Green and large-scale one-pot synthesis of small-sized graphene-bridged manganese dioxide nanowire network as new electrode material for electrochemical sensing

Abstract

The cross-linked MnO2 nanowire (MNWS) network bridged with small-sized graphene (SSGS) with a uniform size of ~200 nm is prepared by a one-pot green hydrothermal route from graphene oxide sol and KMnO4. The route causes KMnO4 to react and form MnOx through both self-decomposition and etching graphene, as a result that MnOx grow into nanowires and micrometer-scale graphene is cut into SSGS simultaneously. The as-prepared MNWS/SSGS is characterized by scanning electron microscope, transmission electron microscope and X-ray diffractometer.
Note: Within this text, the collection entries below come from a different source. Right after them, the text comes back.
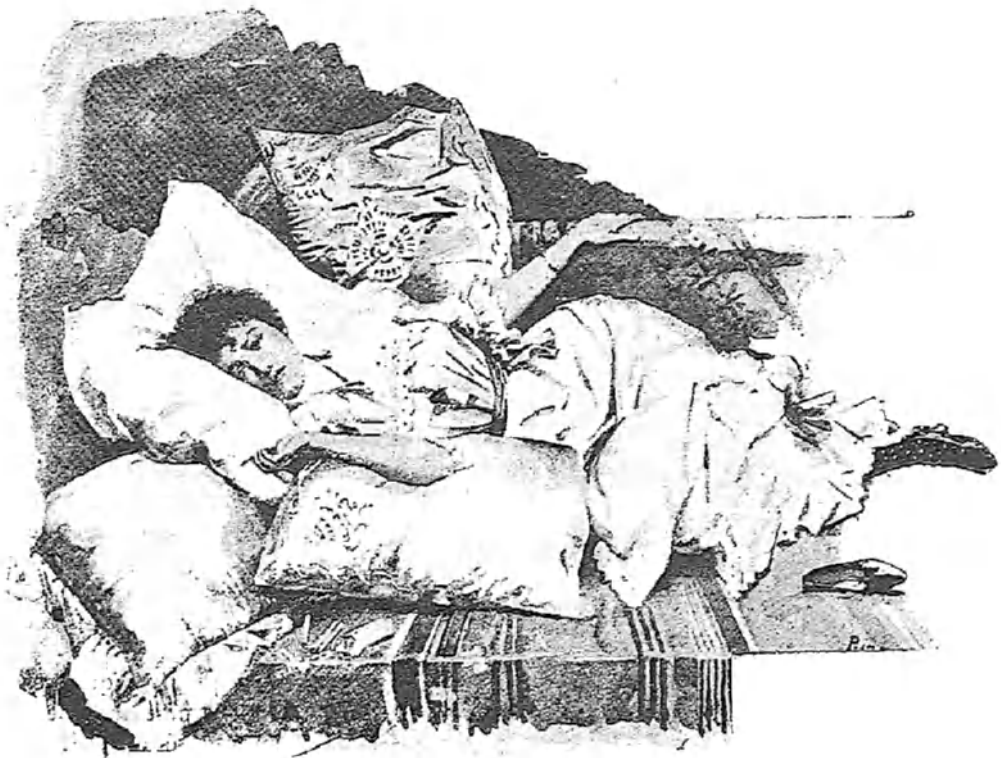
DURMIENDO LA SIESTA
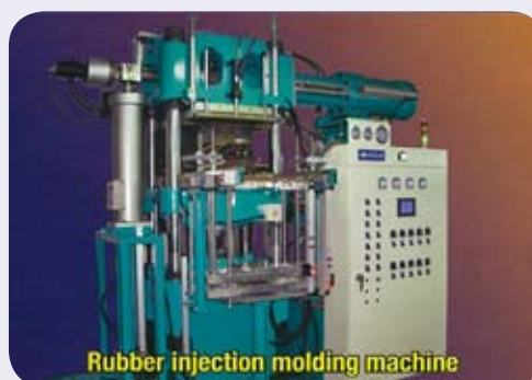
Rubber injection molding machine
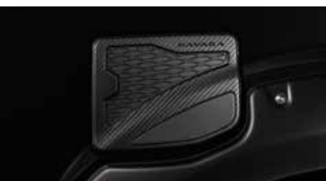
Fuel Gate Garnish (KC) ชุดปิดฝาถังน้ำมัน ลายคาร์บอน (KC)
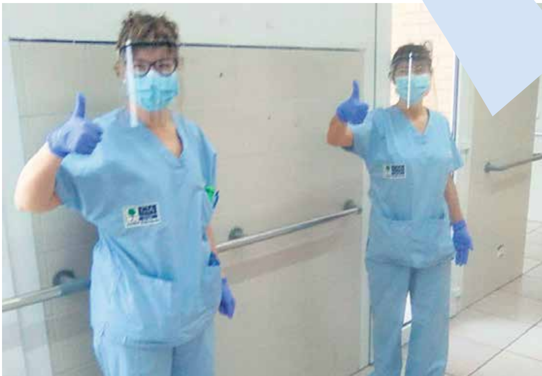
Josefina Arregi Klinikako langileak Sakanan egindako aurpegi-babesgarriekin.
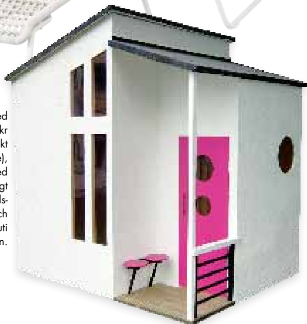
Lekstuga "Funkis med loft", 19 900 kr (inklusive frakt inom Sverige), Minihusen. En bred dörr gör det möjligt att lagra trädgårdsmöbler och gräsklippare inuti på vintern.
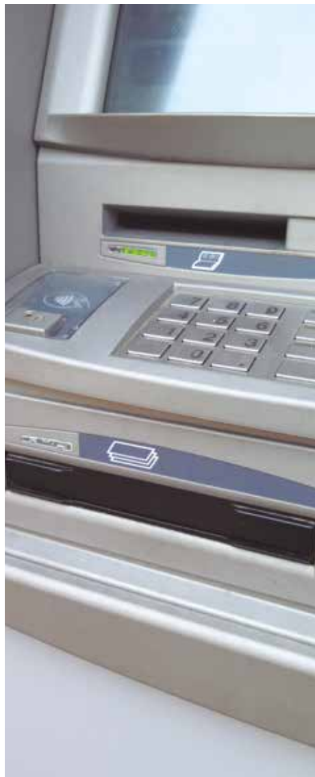
Nova taxa pels caixers

Les ordenances van ser aprovades amb els vots a favor del PSC i els vots contraris de PA-CUP, ERC i CIU.
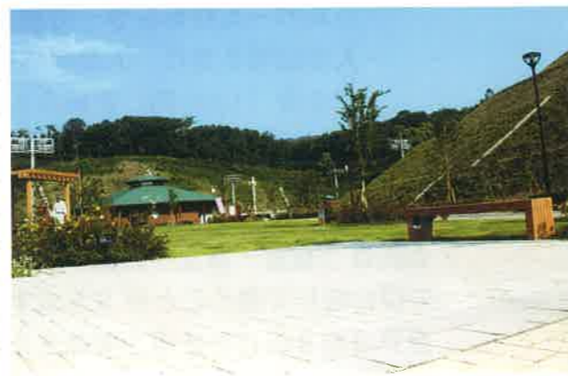
駐車場から見た管理棟
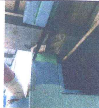
Foto 12: SUSTITUCIÓN DE CANAL DE METAL (INCLUYE BAJADA DE AGUA 3 PULGADAS): Se observa que ya está en mal estado.

Observación: Si es necesario se pueden agregar hojas adicionales y actualizar el número de hojas.
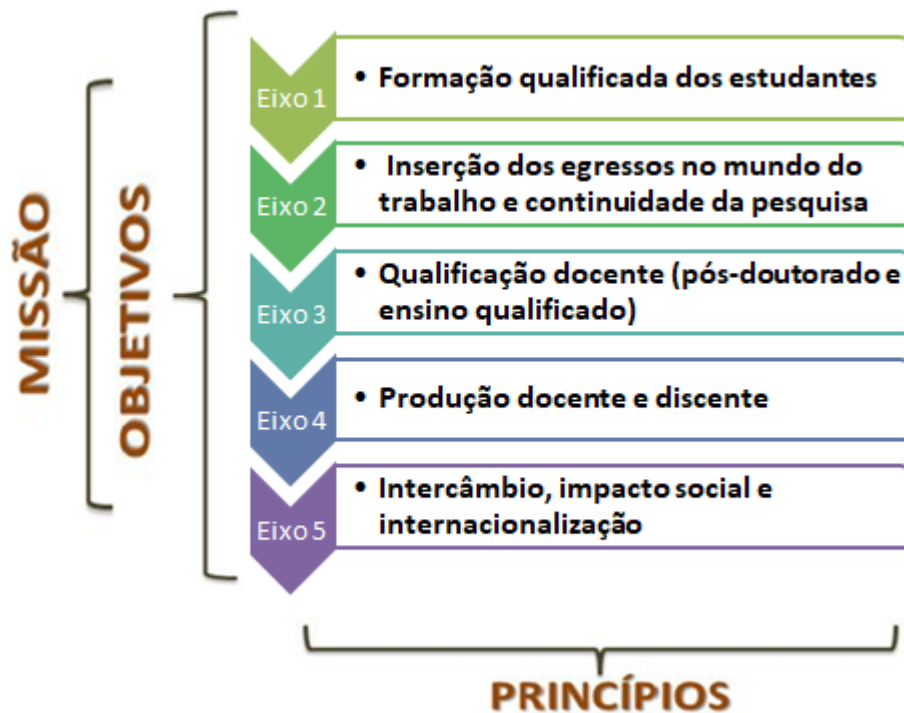
Figura 2. Articulação Princípios, Missão e Eixos Norteadores

The electrocatalytic activity of MNWS/SSGS for H2O2 reduction is studied by means of cyclic voltammetry and chronoamperometry. The MNWS/SSGS modified glassy carbon electrode exhibits a sensitive and prompt amperometric response to H2O2, with a sensitivity of 56 μA mM−1 and detection limit as low as 0.54 μM. These outstanding performances demonstrate that MNWS/SSGS is promising for fabrication of electrochemical sensors. Importantly, this study may offer a novel and insightful approach for the preparation and development of advanced materials based on the bridging architecture.